Anarşistler çok geniş bir görüş yelpazesine sahip olmalarının yanı sıra, kimi zaman mantıksal akıl yürütmeyi de sekteye uğratır şekilde, sistematik çözümlemelere karşı çıkan bir düşünce tarzını benimserler.[1] Ancak bu çeşitlilik içerisinde, “anarşizm”den anlaşılması gereken ne Orhan Gencebay’ın biçimsel nihilizmi, ne de çArşı grubunun çember A’sında ifadesini bulan futbol fanatizmidir. Anarşizm, “modern” biçimiyle muhtemelen Laçiner’in betimlediği gibi “Aydınlanma’nın asi çocuğu” olarak doğmuştur.[2] Ancak, Stirner’ın “bireyci”liğinden Bakunin’in “bizci”liğine, Proudhon’un “karşılıkçı”lığından Kropotkin’in “özgeci”liğine çeşitlenen tarihselliği içerisinde farklı çağrışımları da barındırır.
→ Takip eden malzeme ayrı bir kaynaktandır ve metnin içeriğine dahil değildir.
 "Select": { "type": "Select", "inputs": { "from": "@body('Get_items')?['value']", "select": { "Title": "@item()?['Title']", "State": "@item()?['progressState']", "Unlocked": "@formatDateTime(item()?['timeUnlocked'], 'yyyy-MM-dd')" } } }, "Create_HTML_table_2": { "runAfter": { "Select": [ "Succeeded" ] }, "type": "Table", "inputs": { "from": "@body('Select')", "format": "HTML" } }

Anarşizm ve Temsili Demokrasi
Bütün bu farklı yolların ortaklaştığı noktada, anarşizmin bireysel tercihe öncelik tanıyan özgürlükçülüğü yatar. Anarşizmin hedefi, bütünüyle gönüllü örgütlenmelerden oluşan, devletsiz bir toplumdur.[3] Böylesi bir toplum, ancak zora dayalı…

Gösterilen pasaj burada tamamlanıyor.